Basically, we will implement a simple game  (tic-tac-toe) to enhance the learning of the reinfocement learning algorithm.

**How we will implement**

To formulate this reinfocement learning problem, we will focus int three major components: **state, action and reward**.

Therefore, we will initialise a 3x3 board with zeros indicationg available positions and update positions with 1 if player 1 takes a move and -1 if player 2 takes a move. The action is what positions a  player can choose based on the current board state. Reward is between 0 and 1 and is only given at the end of the game.

For each state of the game, we will get the hash code of the current state of the board.
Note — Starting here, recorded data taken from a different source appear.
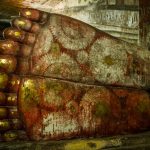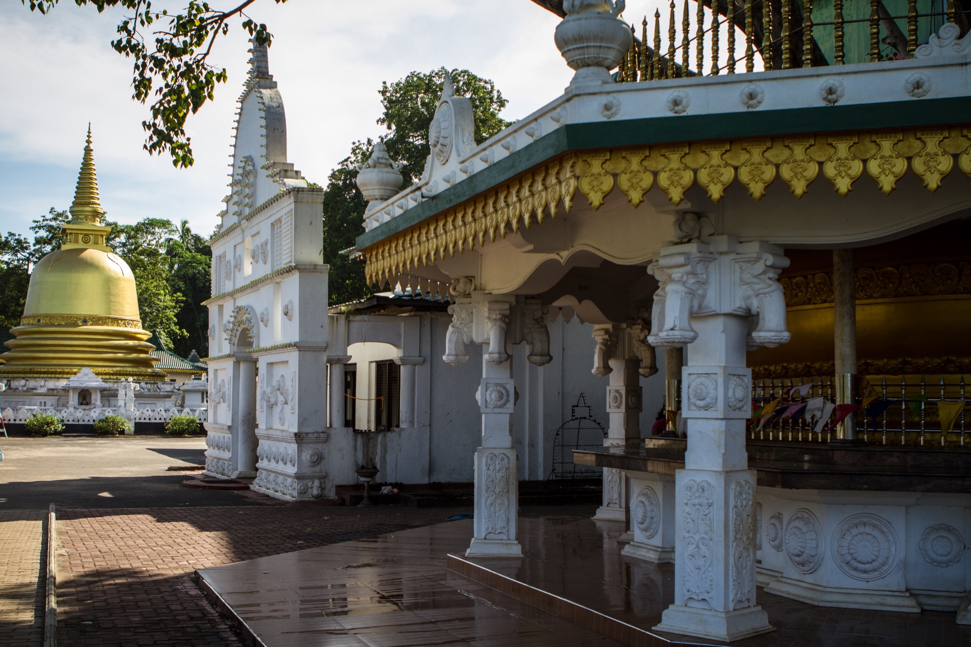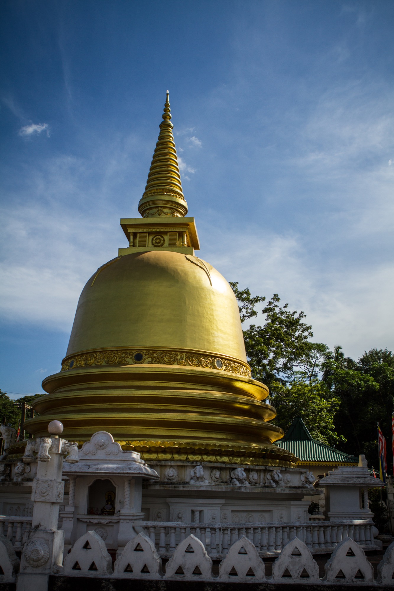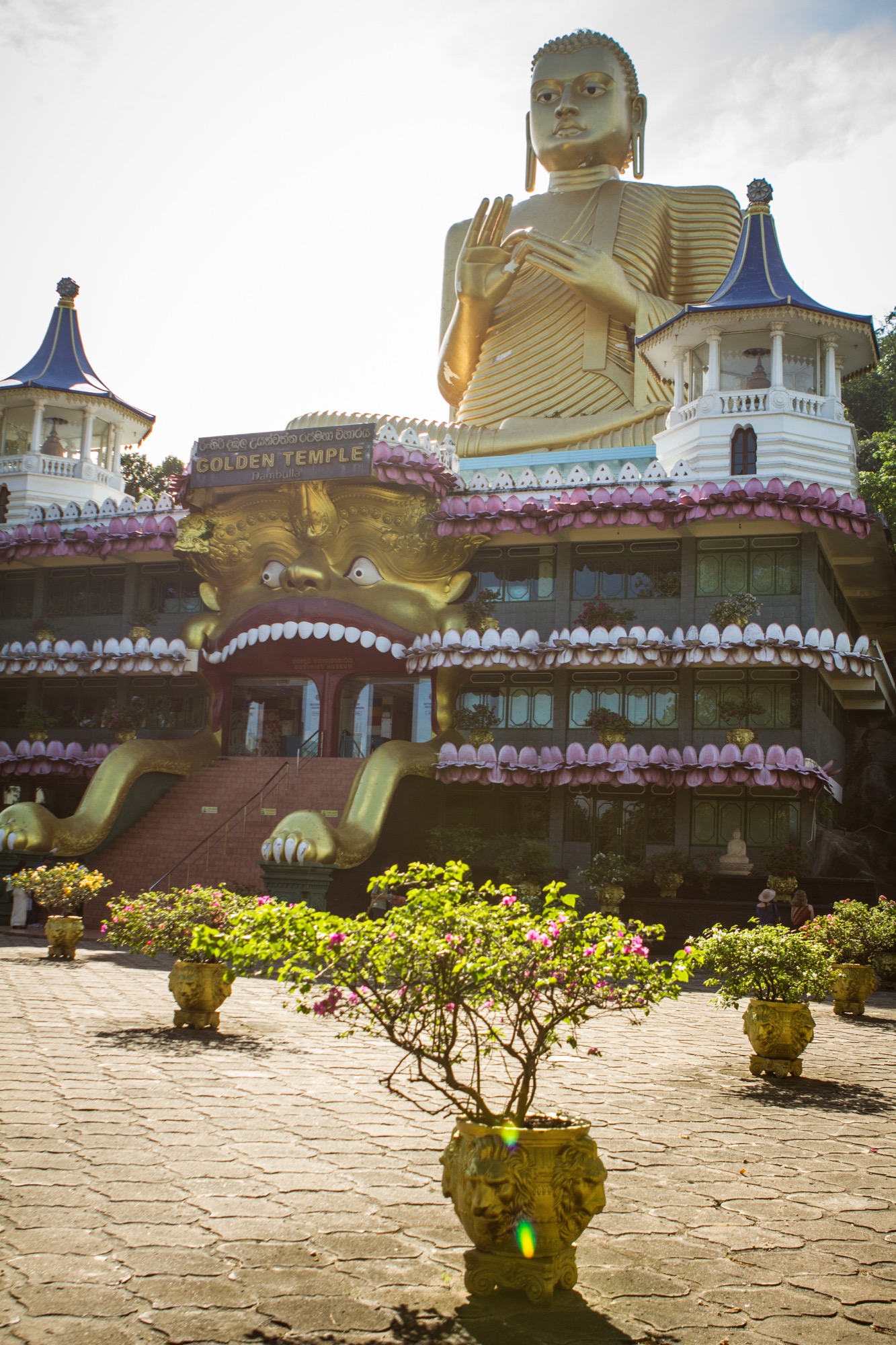 Me voici donc à Dambulla en tout début d’après-midi. Les grottes sont encore ouvertes, autant en profiter plutôt que de rester à ne rien faire dans le jardin de la guesthouse. Je ne suis pas très doué dans le domaine “rester à ne rien faire” et je ne cherche à dire vrai pas vraiment à m’améliorer. L’arrivée aux grottes est… étonnante. Des bâtiments ont poussé au pied de la montagne qui abrite les fameuses grottes sacrées. Il y a ainsi un énorme Bouddha doré, une sorte de musée kitsch au possible et quelques autres bâtisses qui donnent à l’endroit un caractère Disneyland tout à fait factice et déplacé.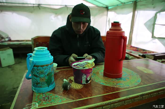功夫不负有心人终于看到一个驿站了,可以吃饭了,老板是藏民,可以吃炒面和炒饭,当然这些东西不要抱有太大期望,只能告诉你还是方便面来的实际,先说说这个炒面,半碗水几根面条,吃了和没吃一样,这样搞的我太无奈了,屋里有一个户外团队,他们是昨天翻过的卓玛拉山口,住在前面的帐篷,今天刚走到这里,感觉他们休息的就不错,不过可惜的是他们没看到冈仁波齐的星空。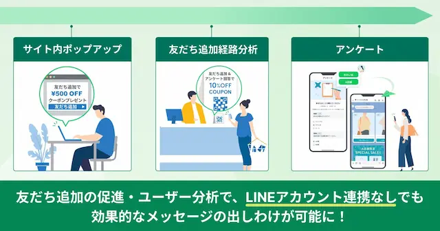 - 友だち追加経路機能やアンケート機能を活用し、ユーザー特性に合わせたメッセージの出しわけを、LINEアカウント連携なしでも実現できます。

To implement this, we'll use hash function, that is, we'll map the current board to a hash code to specify each board with its own code.

**Reference**

https://towardsdatascience.com/reinforcement-learning-implement-tictactoe-189582bea542

https://en.wikipedia.org/wiki/Reinforcement_learning


In [0]:
# We will follow this two sessions to implement an algorithm to
# make a machine learn to play tic-tac-toe through the reinforcement learning
# algorithm:
#
#   1) Train two agents (machine) to play against each other and save their
#   policy that was given by the reward at the end of each game 
#   2) Load the policy and make the agent to play against human



In [0]:
import numpy as np # import numpy to use a simple array to represent the board
import pickle

In [0]:
# Tic-Tac-Toe board rows and columns
BOARD_ROWS = 3
BOARD_COLS = 3

### Board State



1.   Act as both board and judger
2.   It has functions recording board state of both players and update state when either player takes an action
3. At the end of the game, its be able to judge what was the best play and give reward to the player that did it  




In [0]:
class State:
  
  # Its like cpp constructor but here we have a predefined method (__init__)
  def __init__(self, p1, p2):
    # Init the board with zeros (its a 3x3 array)
    self.board = np.zeros((BOARD_ROWS, BOARD_COLS))
    self.p1 = p1
    self.p2 = p2
    self.isEnd = False
    self.boardHash = None # hash of the board is not initialized because we will use getHash function to do it
    #init p1 plays first
    self.playerSymbol = 1

  # Hashes the current board states, so that ir can be stored in 
  # the state-value dictionary
  def getHash(self):
    # reshape the 3x3 array to a 1x9 vector (to get the board hash)
    self.boardHash = str(self.board.reshape(BOARD_COLS * BOARD_ROWS))
    return self.boardHash

  # Checks sum of rows, columns and diagonals, and return 1 if p1 
  # wins, -1 if p2 wins, 0 if draw and None if the game is not yed ended
  # At the end of the game, 1 is rewarded to winner and 0 to loser. 
  # We can possibly modify the reward according to the game
  def winner(self):
    # row
    for i in range(BOARD_ROWS):
      # checks if has a row with p1
      if sum(self.board[i, :]) == 3:
        self.isEnd = True
        return 1
      # checks if has a row with p2
      if sum(self.board[i, :]) == -3:
        self.isEnd = True
        return -1
    
    # col
    for i in range(BOARD_COLS):
      # check if has a col with p1
      if sum(self.board[:, i]) == 3:
        self.isEnd = True
        return 1
      # checks if has a col with p2
      if sum(self.board[:, i]) == -3:
        self.isEnd = True
        return -1

    #diagonal
    diag_sum1 = sum([self.board[i, i] for i in range(BOARD_COLS)])
    diag_sum2 = sum([self.board[i, BOARD_COLS - i - 1] for i in range(BOARD_COLS)])
    diag_sum = max(abs(diag_sum1), abs(diag_sum2))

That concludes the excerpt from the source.